February 27, 2026
Open source vs OpenAI
PostmarketOS in 2026-02: generic kernels, bans use of generative AI
Linux phone project bans AI, sparks ‘dinosaur vs future’ flame war
TLDR: PostmarketOS, a niche Linux-on-phones project, just banned generative AI contributions while rolling out new shared kernels to support more devices. The community is split between praising the human-only stance as principled and mocking it as doomed, saying non‑AI projects will be left in the dust.
The tiny but passionate world of Linux phones just dropped a bomb: postmarketOS, a project that puts alternative operating systems on phones and tablets, quietly shipped shiny new “one-size-fits-many” kernels (the tech heart of the system) and a hard ban on generative AI tools. The tech is nice, but the drama? Even nicer.
One camp is cheering like it’s a moral victory parade. Commenters like jonathrg love that postmarketOS is drawing a clear line: no AI-written code, no sneaky chatbot patches, just humans doing the work and owning the result. For them, it’s about trust, transparency, and not turning an open‑source passion project into AI sludge.
The other side is absolutely roasting the decision. mono442 shrugs that it’s “not surprising the whole project isn’t useful for anything” if they refuse AI, while baq predicts that projects like this will become “basically irrelevant” as everyone else speeds ahead on AI autopilot.

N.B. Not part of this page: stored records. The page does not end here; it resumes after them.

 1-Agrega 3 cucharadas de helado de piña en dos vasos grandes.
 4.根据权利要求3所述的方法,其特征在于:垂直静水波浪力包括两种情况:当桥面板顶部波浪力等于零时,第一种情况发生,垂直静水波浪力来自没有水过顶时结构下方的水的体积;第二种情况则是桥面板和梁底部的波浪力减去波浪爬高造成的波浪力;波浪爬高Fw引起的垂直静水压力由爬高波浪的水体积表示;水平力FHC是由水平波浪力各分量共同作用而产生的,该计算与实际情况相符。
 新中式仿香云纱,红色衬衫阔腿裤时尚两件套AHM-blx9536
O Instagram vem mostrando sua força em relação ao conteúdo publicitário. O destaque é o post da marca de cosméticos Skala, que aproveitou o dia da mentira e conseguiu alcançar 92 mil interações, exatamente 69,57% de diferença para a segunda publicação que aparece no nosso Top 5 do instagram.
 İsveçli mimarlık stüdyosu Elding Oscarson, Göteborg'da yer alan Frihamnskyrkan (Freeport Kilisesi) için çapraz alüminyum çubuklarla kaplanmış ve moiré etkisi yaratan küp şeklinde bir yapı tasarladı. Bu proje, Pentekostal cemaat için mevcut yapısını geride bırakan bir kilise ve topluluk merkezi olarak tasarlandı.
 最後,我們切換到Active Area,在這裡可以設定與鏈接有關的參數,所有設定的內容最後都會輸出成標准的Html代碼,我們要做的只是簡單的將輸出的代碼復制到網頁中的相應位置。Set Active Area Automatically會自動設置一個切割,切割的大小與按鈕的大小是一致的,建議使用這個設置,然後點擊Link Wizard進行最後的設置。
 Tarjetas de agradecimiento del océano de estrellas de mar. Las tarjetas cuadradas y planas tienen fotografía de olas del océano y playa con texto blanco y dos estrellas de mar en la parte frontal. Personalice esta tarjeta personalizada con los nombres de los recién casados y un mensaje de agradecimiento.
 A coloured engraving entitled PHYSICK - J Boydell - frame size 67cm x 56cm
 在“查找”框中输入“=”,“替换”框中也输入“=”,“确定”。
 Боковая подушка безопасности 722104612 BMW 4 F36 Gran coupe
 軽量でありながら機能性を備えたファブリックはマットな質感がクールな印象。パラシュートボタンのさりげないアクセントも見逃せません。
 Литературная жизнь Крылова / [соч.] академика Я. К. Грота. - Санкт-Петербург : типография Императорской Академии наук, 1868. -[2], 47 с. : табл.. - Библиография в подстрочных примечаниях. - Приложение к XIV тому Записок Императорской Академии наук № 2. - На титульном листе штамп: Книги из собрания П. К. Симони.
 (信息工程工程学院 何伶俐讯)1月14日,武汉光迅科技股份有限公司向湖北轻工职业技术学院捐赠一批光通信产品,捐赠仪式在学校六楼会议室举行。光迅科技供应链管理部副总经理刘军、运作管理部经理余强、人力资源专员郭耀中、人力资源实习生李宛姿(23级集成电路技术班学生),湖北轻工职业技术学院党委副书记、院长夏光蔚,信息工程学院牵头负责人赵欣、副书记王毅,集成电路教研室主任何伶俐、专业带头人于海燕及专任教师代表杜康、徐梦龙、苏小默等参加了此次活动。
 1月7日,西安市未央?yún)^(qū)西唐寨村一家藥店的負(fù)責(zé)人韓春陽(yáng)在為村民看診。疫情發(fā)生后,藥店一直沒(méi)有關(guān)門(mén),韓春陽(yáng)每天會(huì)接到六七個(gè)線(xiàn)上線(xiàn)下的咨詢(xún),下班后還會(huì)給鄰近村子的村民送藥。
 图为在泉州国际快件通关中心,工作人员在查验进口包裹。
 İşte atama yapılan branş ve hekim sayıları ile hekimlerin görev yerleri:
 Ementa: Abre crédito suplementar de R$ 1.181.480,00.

Meanwhile, egorfine pokes holes in the policy with a deadpan joke: so regular autocomplete is fine, but AI autocomplete is forbidden… and how would you even tell?
Between heartfelt thank‑yous to departing contributors and hype about new kernels, the real show is the comment section: one part ethics debate, one part tech doom, one part pure meme fuel.
Key Points
- •PostmarketOS updated its AI policy to explicitly forbid the use of generative AI in contributions, with a shorter, clearer text.
- •A proposal (PMCR 0009) to define requirements for the “main” device category is progressing to ensure long-term device reliability.
- •The project introduced generic kernel packages (linux-postmarketos-mainline, -stable, -lts) for broad device support and integrated kernel configuration checks.
- •Contributor changes include Bhushan becoming a Trusted Contributor, while Minecrell and Anton stepped down from TC roles after significant contributions.
- •Cross-project coordination advanced: Stefan joined the GNOME Advisory Board; Clayton and Pablo led extensive technical, governance, and CI efforts.